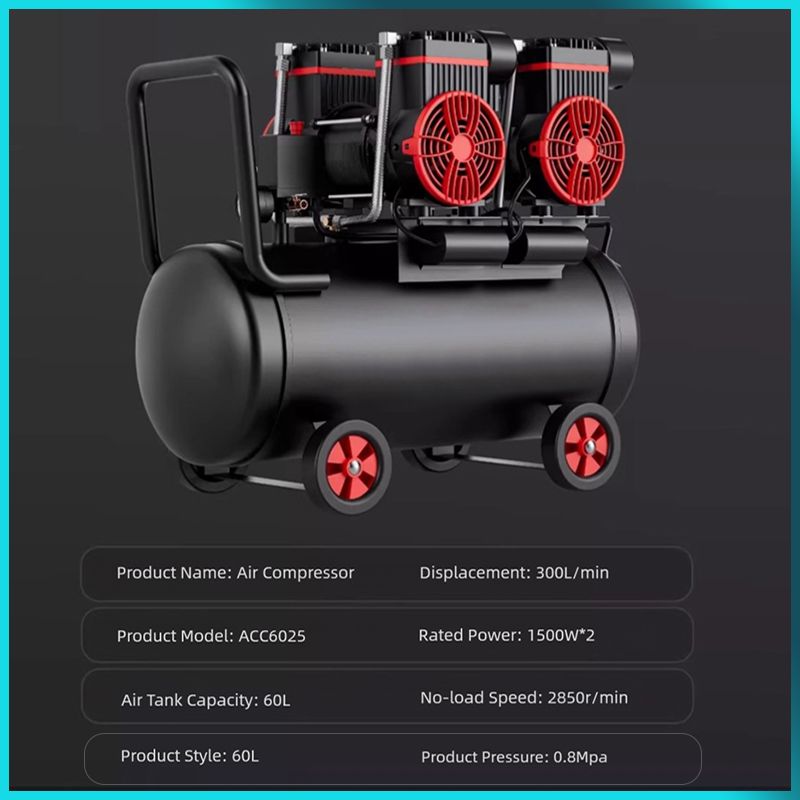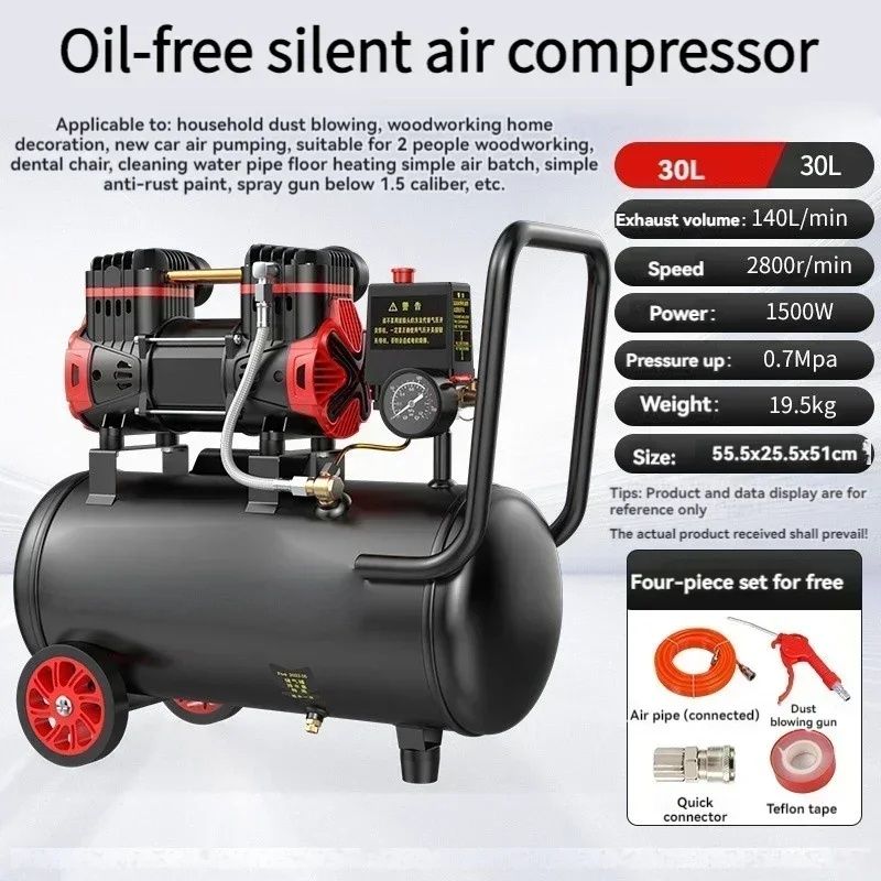 The oil-free design ensures silent operation, making it perfect for use in quiet environments.
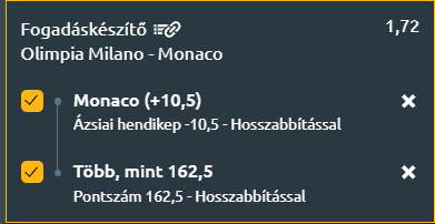 - A Milano hazai pályán sokkal jobban teljesít, és mivel győzelmi kényszerben vannak, minden bizonnyal támadó felfogásban lépnek pályára. A Monaco ugyan esélyesebb csapat, de az utóbbi időszakban gyakran hibázott! Mivel mindkét csapat főként támadásban erős és a Milano védelme az egyik leggyengébb az Euroligában, gyors tempójú és pontgazdag mérkőzésre lehet számítani. Nyerhet otthon a Milano, de nem rak közé 10 pontnál többet, és minimum 163 pont várható.
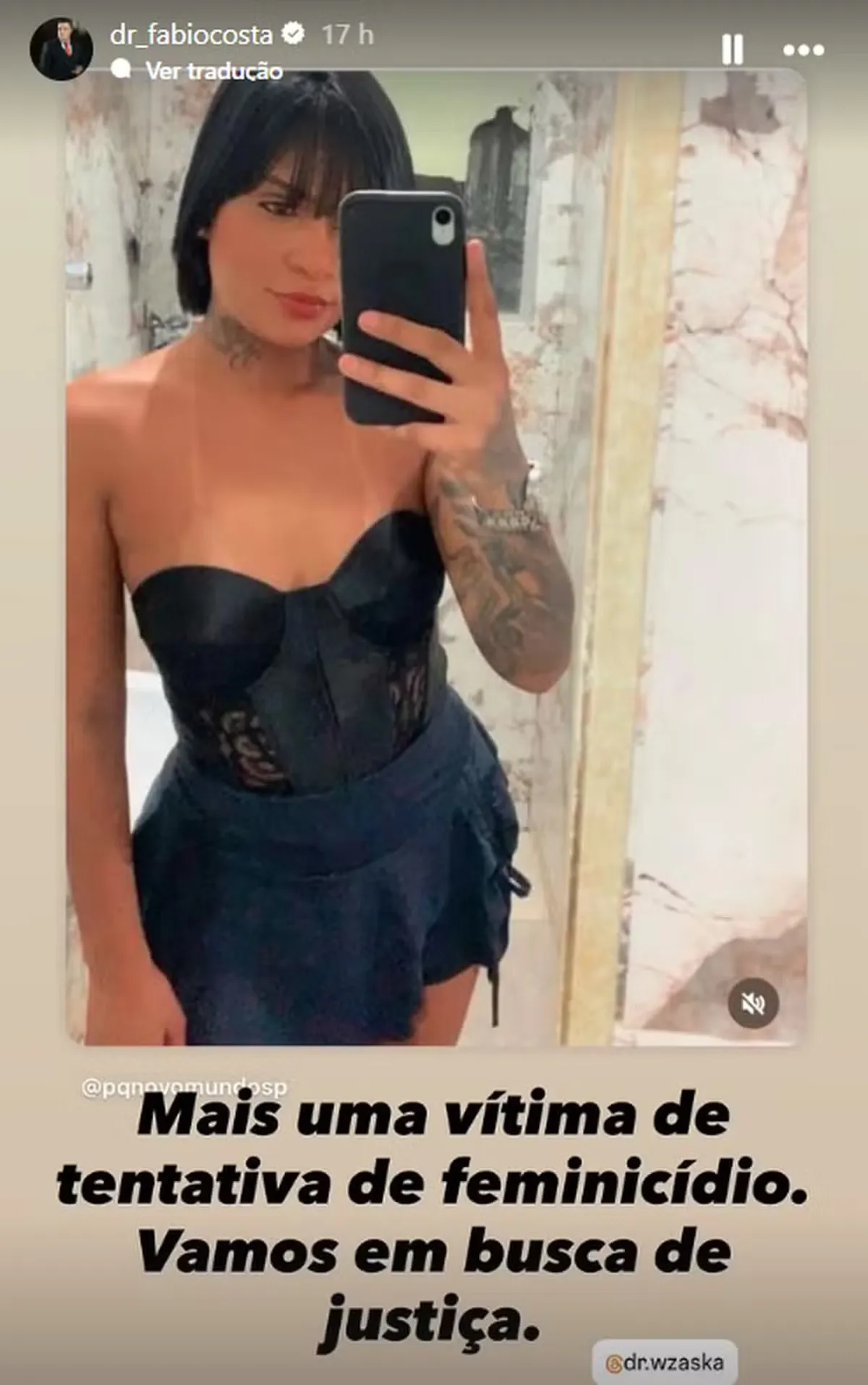 Alves da Silva fue atendido y trasladado a la comisaría. El caso quedó registrado en la 73ª Comisaría (Jaçanã) como intento de feminicidio. La Secretaría de Seguridad Pública confirmó que la investigación apunta a un acto deliberado, mientras que en redes sociales el abogado de la víctima aseguró que “lucharán hasta el final” para que el responsable sea condenado.

-*-

* [What you need to do]: Strip out the pictures and repeat the listing above exactly.

* [Answer to this exercise]:
 The oil-free design ensures silent operation, making it perfect for use in quiet environments.
 - A Milano hazai pályán sokkal jobban teljesít, és mivel győzelmi kényszerben vannak, minden bizonnyal támadó felfogásban lépnek pályára. A Monaco ugyan esélyesebb csapat, de az utóbbi időszakban gyakran hibázott! Mivel mindkét csapat főként támadásban erős és a Milano védelme az egyik leggyengébb az Euroligában, gyors tempójú és pontgazdag mérkőzésre lehet számítani. Nyerhet otthon a Milano, de nem rak közé 10 pontnál többet, és minimum 163 pont várható.
 Alves da Silva fue atendido y trasladado a la comisaría. El caso quedó registrado en la 73ª Comisaría (Jaçanã) como intento de feminicidio. La Secretaría de Seguridad Pública confirmó que la investigación apunta a un acto deliberado, mientras que en redes sociales el abogado de la víctima aseguró que “lucharán hasta el final” para que el responsable sea condenado.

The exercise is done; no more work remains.